Task prompt:
Word for word, copy the lines from the one with "Серьги с 18" to the last line of the data below, counting both, and keep every picture out.

Start of Stored data

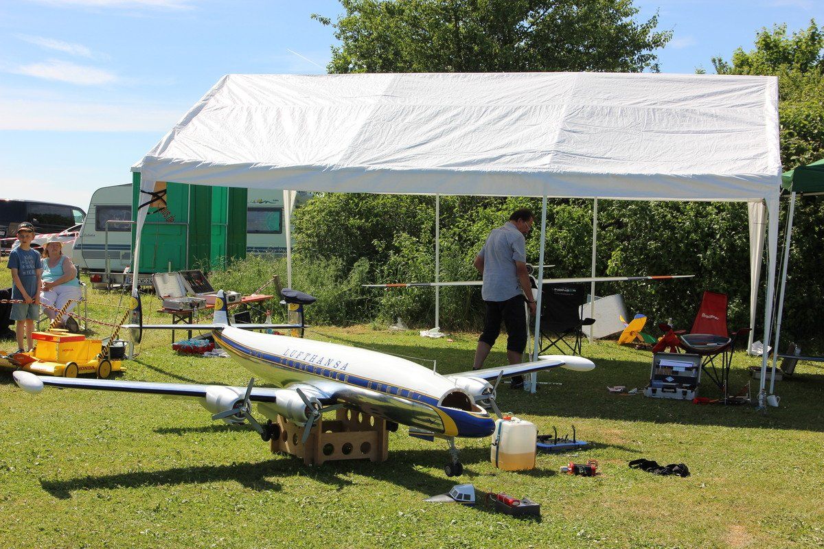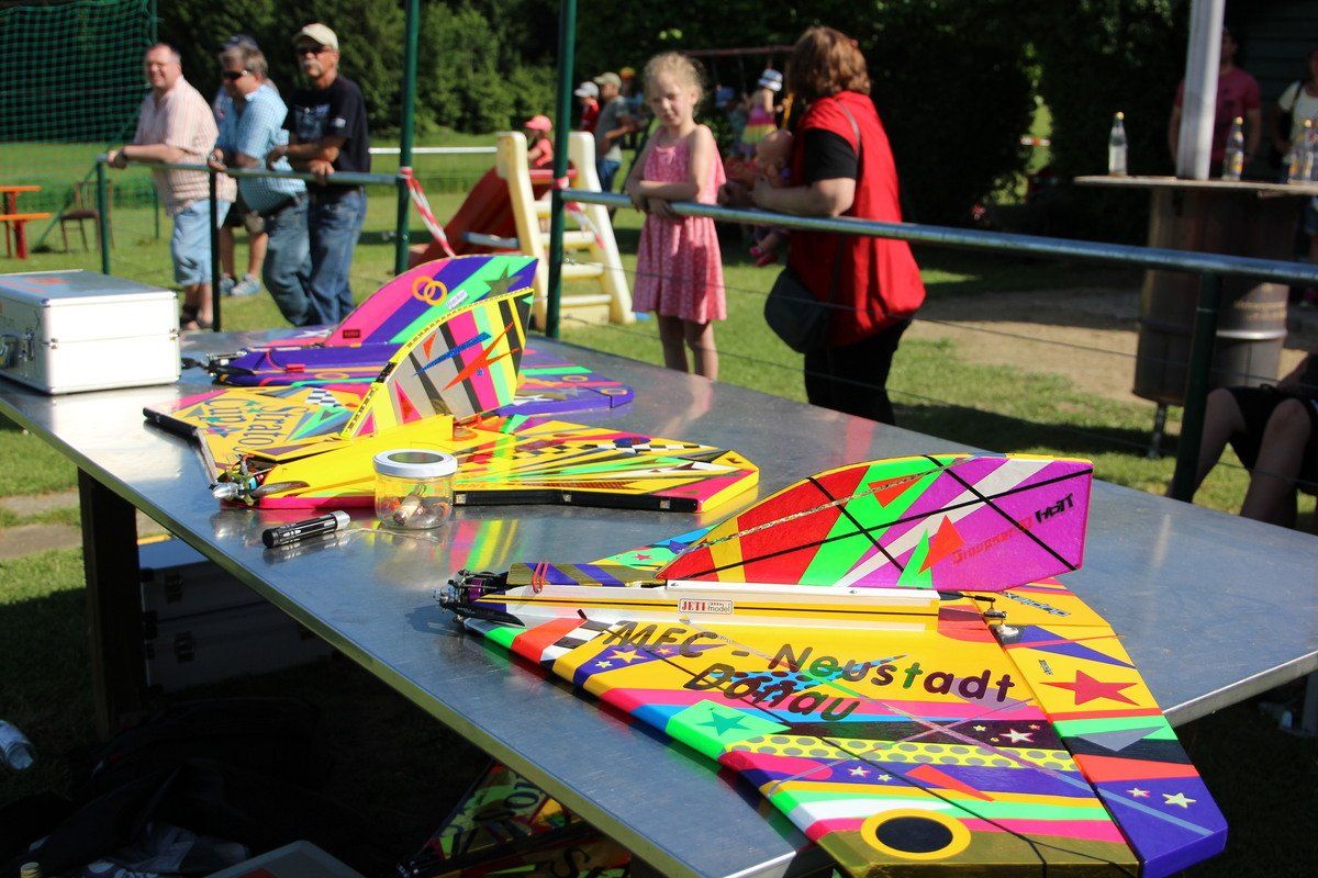 Um den Familiencharakter hervorzuheben, hatte der MBC Ikarus für die Kinder extra den „Guatlbomber“ und lustige Modelle wie fliegende Rasenmäher organisiert. Die Verpflegung kam selbstverständlich nicht zu kurz. Unter einem schattenspendenden Fallschirm ließ es sich bei Kaffee und Kuchen sowie Gegrilltem und einer kühlen Mass besonders gut aushalten.
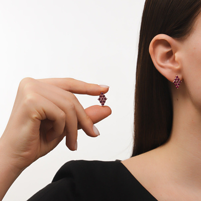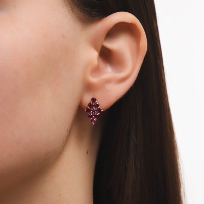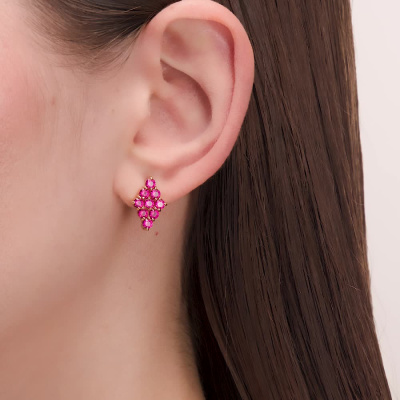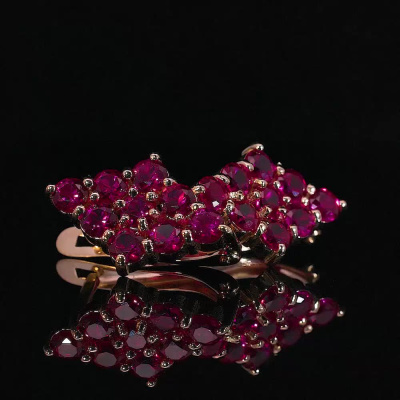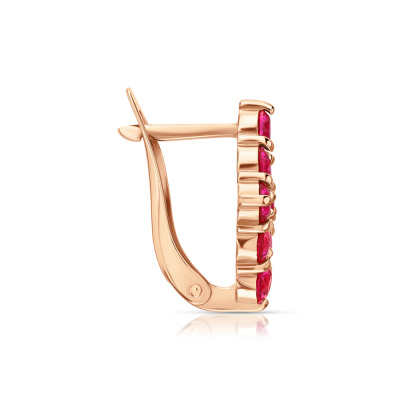 Серьги с 18 рубинами синтетическими, 2.33 карат; Розовое золото 585 пробы.
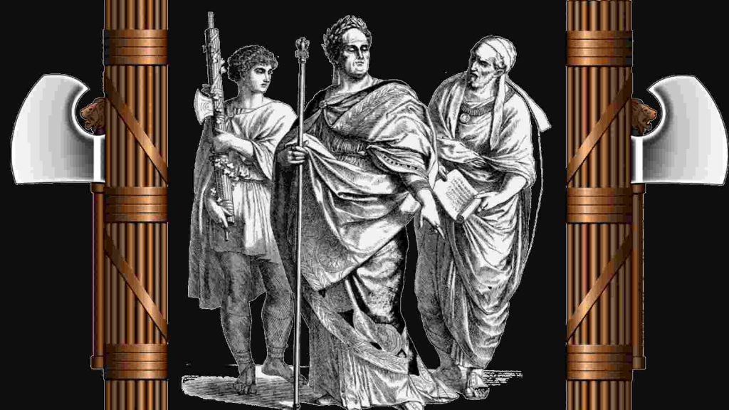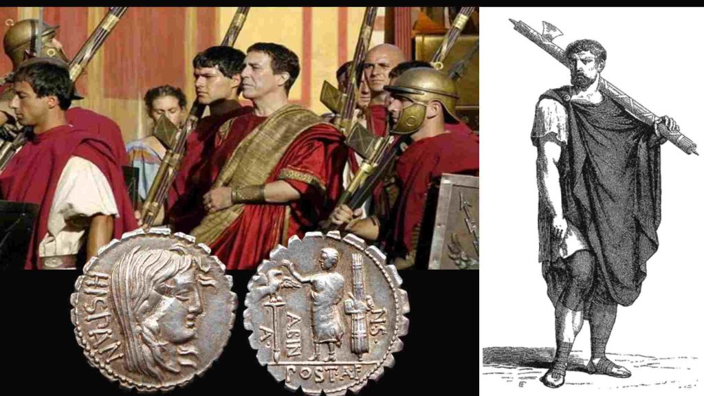 Este emblema tenía su origen en la antigua tradición etrusca y fue adoptado por los romanos, convirtiéndose en un símbolo prominente en la República Romana y posteriormente, en el Imperio Romano. Las fasces, del latín “Fascias” o “Haz”. Era un fajo de ramas de la cual sobresalía un hacha. se convirtieron en un atributo distintivo de los lictores, quienes eran los acompañantes y guardias de los magistrados romanos, como los cónsules y los pretores.

End of Stored data

Problem solution:
 Серьги с 18 рубинами синтетическими, 2.33 карат; Розовое золото 585 пробы.
 Este emblema tenía su origen en la antigua tradición etrusca y fue adoptado por los romanos, convirtiéndose en un símbolo prominente en la República Romana y posteriormente, en el Imperio Romano. Las fasces, del latín “Fascias” o “Haz”. Era un fajo de ramas de la cual sobresalía un hacha. se convirtieron en un atributo distintivo de los lictores, quienes eran los acompañantes y guardias de los magistrados romanos, como los cónsules y los pretores.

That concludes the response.